138 Scopus citations

Abstract

Background: Limited information is available on the health-care utilization of hospitalized patients with community-acquired pneumonia (CAP) depending on the location of care. Our aim was to compare the clinical characteristics, etiologies, and outcomes of patients with CAP who were admitted to the ICU with those admitted who were to the ward service. Methods: A retrospective cohort study, at two tertiary teaching hospitals, one of which was a Veterans Affairs hospital, and the other a county hospital. Eligible subjects had been admitted to the hospital with a diagnosis of CAP between January 1, 1999, and December 31, 2001, had a confirmatory chest radiograph, and a hospital discharge International Classification of Diseases, ninth revision, diagnosis of pneumonia.

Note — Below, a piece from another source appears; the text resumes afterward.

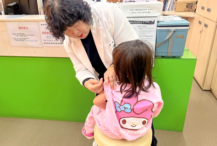▲ 창녕군보건소를 방문해 홍역 예방접종을 받는 어린이 모습 |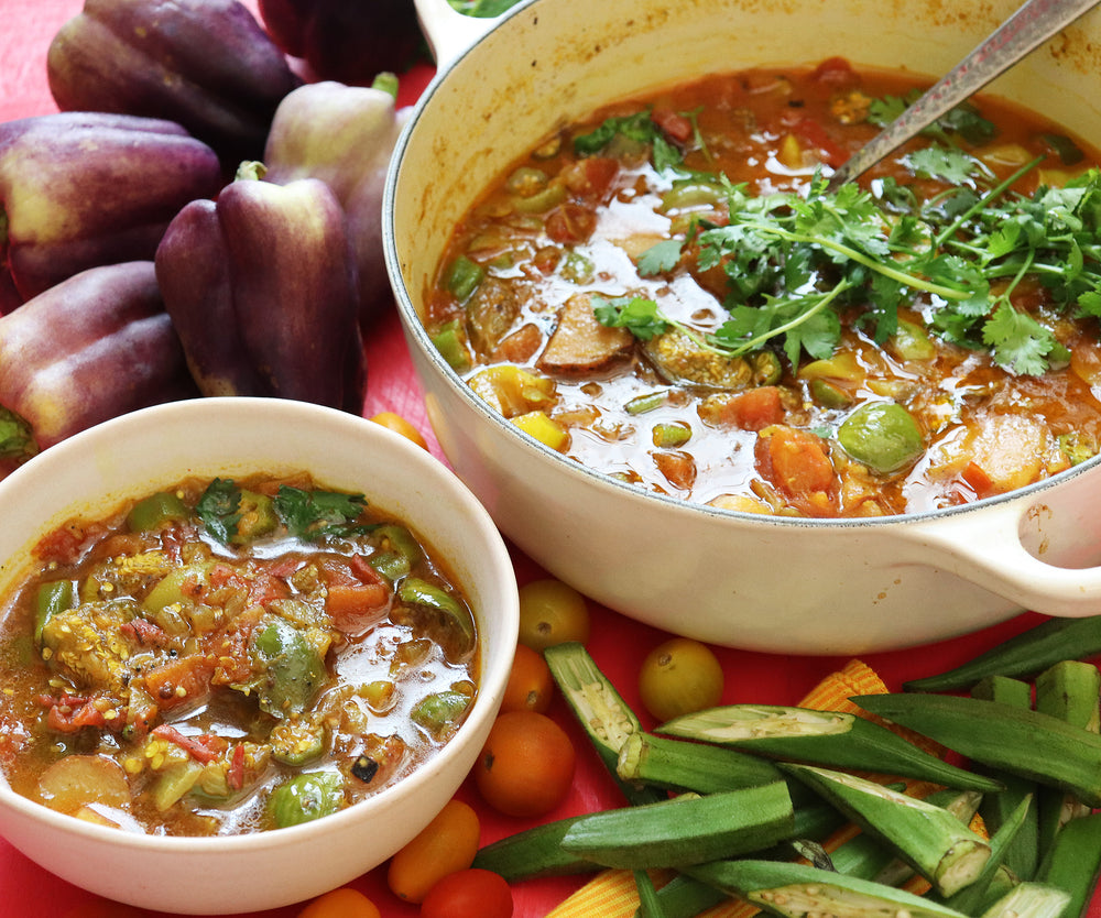 - Any seasonal vegetables will do. Feel free to replace the eggplant and peppers with squash and the okra with green beans or asparagus.

Subjects were excluded from the study if they had designated "comfort measures only" or had been transferred from another acute care hospital or were nursing home patients. Bivariate and multivariable analysis evaluated 30-day and 90-day mortality as the dependent measures. Results: Data were abstracted on 730 patients (ICU, 145 patients; wards, 585 patients). Compared to ward patients, ICU patients were more likely to be male (p = 0.001), and to have congestive heart failure (p = 0.01) and COPD (p = 0.01). ICU patients also had higher mean pneumonia severity index scores (112 [SD, 35] vs 83 [SD, 30], respectively; p = 0.02). Patients admitted to the ICU had a longer mean length of hospital stay (12 days [SD, 10 days] vs 7 days [SD, 17 days], respectively; p = 0.07), and a higher 30-day mortality rate (23% vs 4%, respectively; p < 0.001) and 90-day mortality rate (28% vs 8%, respectively; p < 0.001) compared to ward patients. Conclusions: ICU patients present with more severe disease and more comorbidities. ICU patients stay longer in the hospital and have a much higher mortality rate when compared to ward patients. Management strategies should be designed to improve clinical outcomes in ICU patients.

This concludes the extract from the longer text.